Sorting large sets of data is a good candidate for an exception, as
so often such a sort can become an application's bottleneck, unless
some attention is paid to the matter.

> Almost all creators of almost all programming languages care a lot about
> efficiency, about removing redundancies and optimizing frequent
> operations. 

Creators of *languages*, as opposed to creators of *implementations*,
would be rather ill-advised if they gave excessive weight to performance
issues.  Some languages have been designed (or maybe, have "grown") in
just such a mindset -- the result, almost inevitably, is the complexity
and occasional inelegance of C++, where implementation issues have
often been allowed to dominate language-design decisions.

The *implementers* of a language will weigh efficiency (of generated,
or interpreted, code) against many other issues, of course -- or else
you wouldn't see (e.g.) interpreters for languages that can quite
well be compiled down to machine-code, as previously mentioned.

> Higher-order functions, and parameterized functionals are
> absolutely fundamental in functional programming, and the compiler
> optimisations are pushed into extreme there. In OO languages all the
> caching mechanisms and some other ways of accelerating the dispatch of
> virtual methods are also quite important. Python is no exception. It is
> already very good, sure, and still improving, so I see no reason not to
> see a place which I think to be fragile (if you prefer that than the word
> "lousy").

"fragile" is just totally inappropriate when referring to performance -- I
suspect you're not using your mother tongue here (but then again, neither
am I, so, we're even).

Python is indeed an exception in always having put simplicity very, VERY
high up on the scale of values.  I like the results a lot.  Sure, I don't
mind if and when some operation gets optimized, as long as it's done
with the prudence that has always characterized Python's development.

Do study the Python internals, and find out where the moderate amount
of complexity in them is invested.  Parsing (for reasons that I don't
really understand, to be honest -- I don't know why the parsing, which
is hardly a key bottleneck, isn't done in the simplest possible way), 
dictionaries, sorting, and a very few other major hotspots -- small
areas of code that have disproportionate impact on overall performance,
just as could be predicted.

Do, in particular, look for the complications used to "push into
extreme ... the optimizations" for any of the cases you mention.  Then,
when you're done looking, and I suspect having come up with scant
findings, feel free to experiment in inserting whatever complications
you believe would make a major difference.  I'm pretty confident
that nothing will even begin to _scratch_ the 1000% advantages so
easily measured for DSU, of course:-).

> I appreciate your contribution to the Cookbook and I understand that
> you will defend DSU.
> 
>> That's not "polluting the memory with an ephemeric sequence" --
>> it's investing some memory (not much -- O(N) memory, peanuts!)
>> to reduce computation.  A hallowed, time-honored approach, you know.
> 
> It is your philosophy but there are others. For some people space matters,
> you know.

It's not a matter of "for some people" -- the way you put it, you do
make it seem a psychopathological issue, you know.  If you don't have
the space to invest, then you don't -- that doesn't depend on "people"
as much as on what size of program is running on what size of machine.

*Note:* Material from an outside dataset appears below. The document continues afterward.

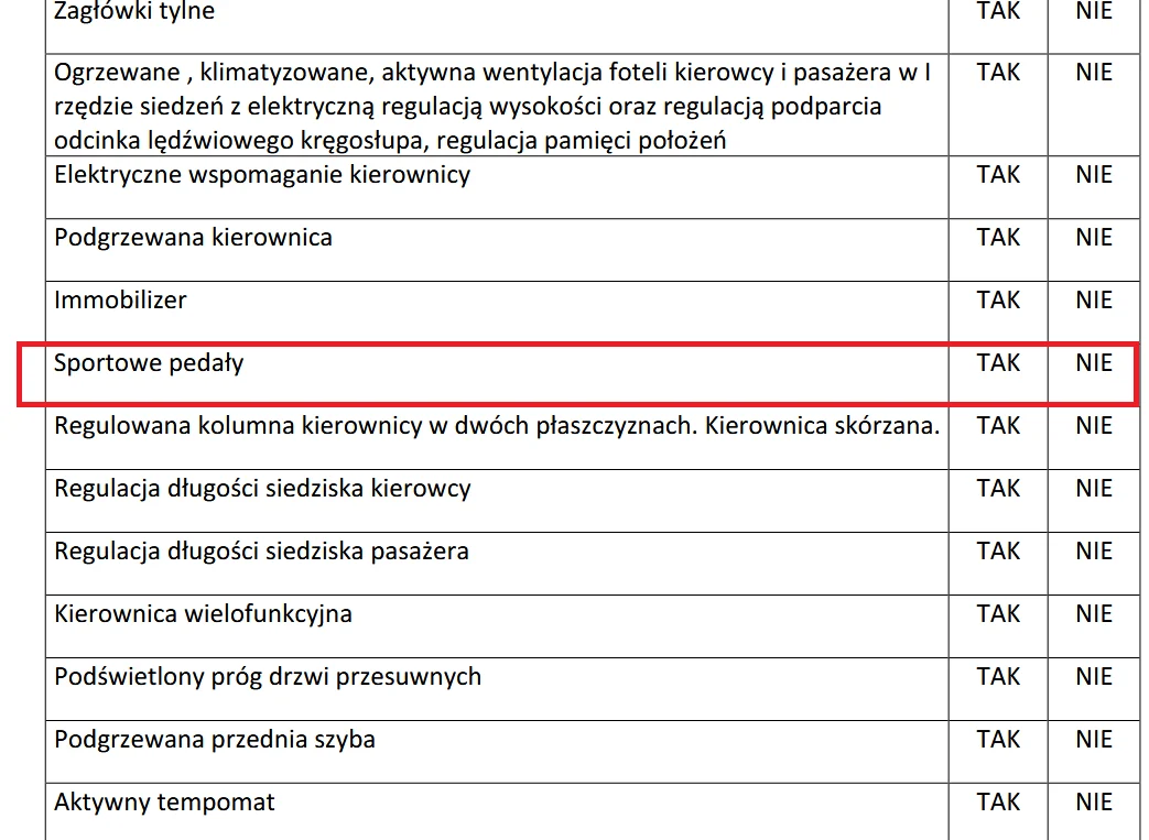 Sportowe pedały mogą być odbierane jako ,,brednie”, ale wymyślił je Urząd Marszałkowski w przetargu z 2024 roku na najem do 2028 roku. ,,Sportowe pedały” były wskazane jako warunek konieczny, bez spełnienia którego oferta musiałaby być odrzucona z powodów formalnych.

In a vast majority of cases, O(N) -- typically with a reasonably
small multiplicative constant -- is a reasonable and available amount
of space to invest to speed up by (say) 10 times an O(N log N) sort.
The space is taken only during the sort itself, after all: if it's
there at all, it's a good way to use it.

When you sort data sets that just push the boundaries of your currently
available space, there may be special cases where the sort per se
would work -- there is JUST enough space for that -- but the extra
O(N) memory is the straw that breaks the camel's back.

They're quite special cases because when you need to sort just a bit
more data than that again, then you can't fit the data themselves
in memory any longer, together with program and working space.  Then,
you use other sorting techniques -- see my example of external mixed
mergesort using generators in the "iterators and generators" tutorial
I gave at Europython, 
http://europython.zope.nl/sessions/presentations/PythonTutorials/EPC2002-Martelli-IteratorsGenerators.pdf
(one single long URL -- rejoin if split by news / mail software).

I have no special interest in that narrow zone where the data fit
but the extra O(N) space isn't available -- if I can't be confident
of having the space for a normal DSU, I'll jump right over to some
sort approach where most of the data can reside on-disk instead.
If for some strange and wondrous reason you need to target exactly
that narrow zone, OK, but you can hardly expect special effort from
the point of view of a general-purpose language and library to help
you target that very special case.

Alex